LATEST VERSION: 3.2.0 - RELEASE NOTES
Pivotal® Greenplum® Text v2.0.0

GPText Best Practices

Each GPText/Apache Solr node is a Java Virtual Machine (JVM) process and is allocated memory at startup. The maximum amount of memory the JVM will use is set with the -Xmx parameter on the Java command line. Performance problems and out of memory failures can occur when the nodes have insufficient memory.

This topic discusses three GPText use cases that stress Solr JVM memory in different ways and the best practices for preventing or alleviating performance problems.

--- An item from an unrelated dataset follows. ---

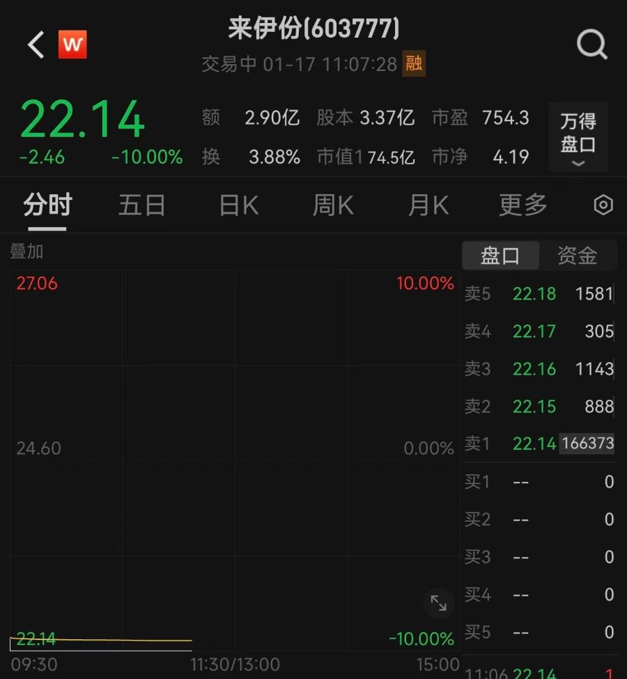 不过,微信小店板块的龙头股来伊份(603777.SH)今日却录得跌停。该股于昨日晋级6连板,近19个交易日内已实现12次涨停。

  • Indexing large numbers of documents in an index
  • Indexing large documents
  • Creating a large number of GPText indexes

Indexing Large Numbers of Documents

Indexing documents consumes data in Solr JVM memory. When the index is committed, parts of the memory are released, but some data remains in memory to support fast search. By default, Solr performs an automatic soft commit when 1,000,000 documents are indexed or 20 minutes (1,200,000 milliseconds) have passed. A soft commit pushes documents from memory to the index, freeing JVM memory. A soft commit also makes the documents visible in searches. A soft commit does not, however, make the index updates durable; it is still necessary to commit the index with the gptext.commit() user-defined function.

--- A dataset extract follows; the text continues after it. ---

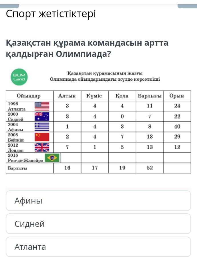 Қазақстан құрама командасын артта қалдырған Олимпиада?

You can configure an index to perform a more frequent automatic soft commit by editing the solrconfig.xml file for the index:

$ gptext-config -f solrconfig.xml -i <db>.<schema>.<index-name> 

The <autoSoftCommit> element is a child of the <updateHandler> element. Edit the <maxDocs> and <maxTime> values to reduce the time between automatic commits. For example, the following settings perform an autocommit every 100,000 documents or 10 minutes.

<autoSoftCommit>
  <maxDocs>100000</maxDocs>
  <maxTime>600000</maxTime>
</autoSoftCommit>

Indexing Very Large Documents

Indexing very large documents can use a large amount of JVM memory. To manage this, you can set the gptext.idx_buffer_size configuration parameter to reduce the size of the indexing buffer.

See Changing GPText Server Configuration Parameters for instructions to change configuration parameter values.

Configure Maximum JVM Heap Size

Each Solr core file consumes JVM heap memory. Adding more indexes increases JVM swapping and garbage collection frequency so that it takes longer to create indexes and to load the core files when GPText is started. If you continue to create indexes without increasing the JVM heap, an out of memory error will eventually occur.

Monitor performance at startup and during index creation and increase the JVM size when you begin to see degraded performance. You can also use tools such as jconsole, included with the Java Developer Kit, to monitor Java heap usage. If garbage collections are occurring too frequently and freeing too little memory, JVM heap should be increased.

Use the -Xmx JVM command line option to increase the JVM heap size. For example, this gptext-config command sets the JVM maximum heap to 4GB:

$ gptext-config -o "-Xmx=4096M"

Manage Indexing and Search Loads

With high indexing or search load, JVM garbage collection pauses can cause the Solr overseer queue to back up. For a heavily loaded GPText system, you can prevent some performance problems by scheduling document indexing for times when search activity is low.

Configure File System Caching for ZooKeeper

Good Solr performance is dependent on fast response for ZooKeeper requests. ZooKeeper performs best when its database is cached so it does not have to go to disk for lookups. If you find that ZooKeeper JVMs have frequent disk accesses, look for ways to improve file caching or move ZooKeeper disks to faster storage.

The ZooKeeper zkClientTimeout is the time a client is allowed to not talk to ZooKeeper before having it’s session expired.